S/SW blog philosophy -

I credit favorite writers and public opinion makers.

A lifelong Democrat, my comments on Congress, the judiciary and the presidency are regular features.

My observations and commentary are on people and events in politics that affect the USA or the rest of the world, and stand for the interests of peace, security and justice.

Tuesday, June 12, 2007

What Bloggers can do to help Congress - updated

Blog Power - Some issues in the blogosphere are rather innocuous, such as the flap over whether letters of support for Scooter Libby should be made public: The New York Times story headlined, "Libby’s Supporters Who Wrote to Judge Learn That Letters Take on New Life on the Web," revealed a tempest in a teapot. The judge, wisely, kept his own counsel and released the letters. Legislators are more easily moved.

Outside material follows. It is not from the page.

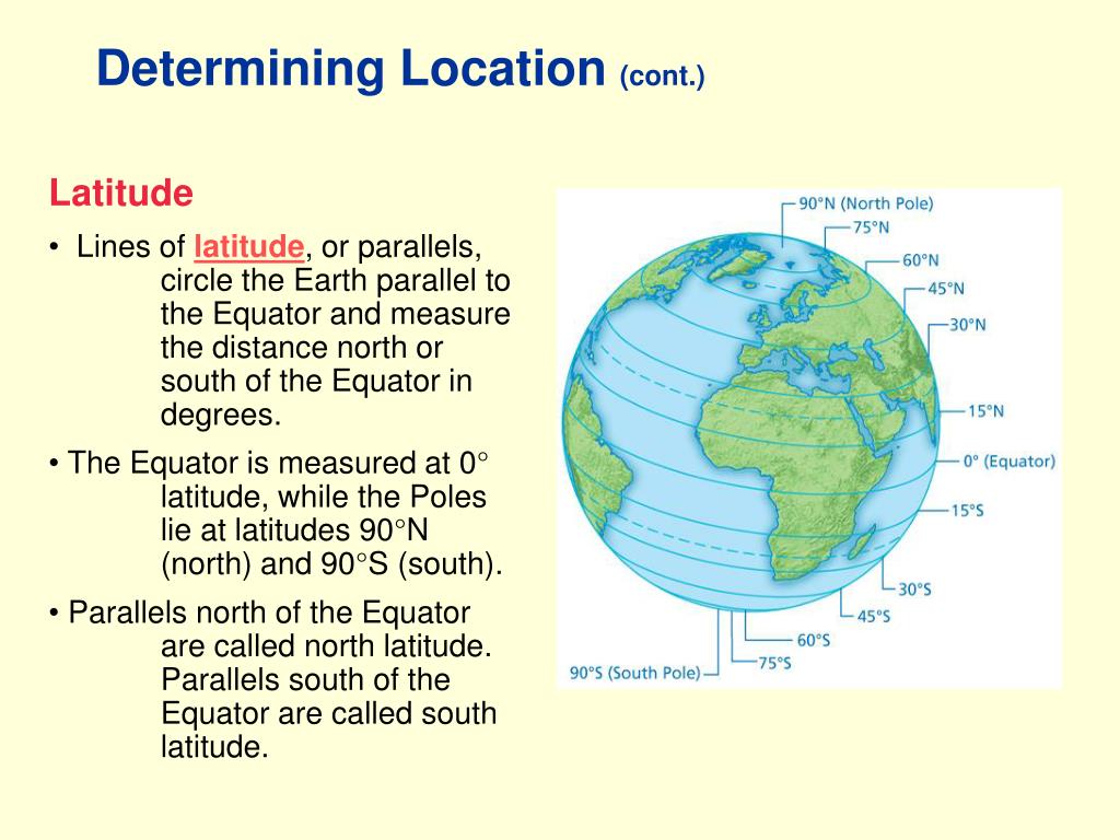 Determining Location (cont.) • Latitude • Lines of latitude, or parallels, circle the Earth parallel to the Equator and measure the distance north or south of the Equator in degrees. • The Equator is measured at 0° latitude, while the Poles lie at latitudes 90°N (north) and 90°S (south). • Parallels north of the Equator are called north latitude. Parallels south of the Equator are called south latitude.

Congress responds to what they hear. Our U.S. legislators listen from many directions, three in particular. In addition to voting with their consciences, they respond to pressure. It is not clear why the Senate was unable to come up with immigration legislation. U.S. News' analysis is that there was too much to dislike about the bill. Quoting from the piece,
How the public feels about that is difficult to discern. Surveys have generally shown respondents in both parties supporting a path to citizenship for illegal immigrants and even suggest that the loaded word "amnesty" isn't a deal breaker. But recent surveys also show the difficulty in crafting a popular bill. Though favoring the compromise's major provisions, respondents were opposed to the bill itself.
More political, perhaps - Our Senators and Representatives feel pressure from the mainstream media, from the blogosphere - the "Netroots," and from the direct phone, letter and e-mail communications of their constituents. Slate Magazine's Justin Peters speculates about the immigration bill in a slightly different vein in "Kill Bill," from which I quote,
Unable to agree on the number of proposed amendments to debate, Senate leaders threw up their hands and tabled the bill after two futile attempts to vote for cloture. This renders the bill effectively dead, although Sen. Harry Reid, D-Nev., held open the possibility of returning to it later this year. Don't hold your breath: The LAT astutely notes that the Democrats won't want to give Bush a legislative accomplishment he can point to in the 2008 election cycle.

Mainstream media - It is an understatement to say that bloggers stay very upset with the mainstream media, to whom we look for most of our original news. The media has not done what the public has a right to expect in terms of investigative journalism and helping to responsibly help shape opinion, particularly regarding the build-up to the invasion of Iraq. Now there is a big mess to clean up.
Bloggers can help Democrats in Congress to unite regarding the war in Iraq. Following are a number of links to use for contacting your Senators and Representative. In addition to letting them know your position, do not forget to also give them an occasional pat on the back. First: Write your legislator via U.S. News & World Report reports on popular user-generated sites in "Democracy on the Web."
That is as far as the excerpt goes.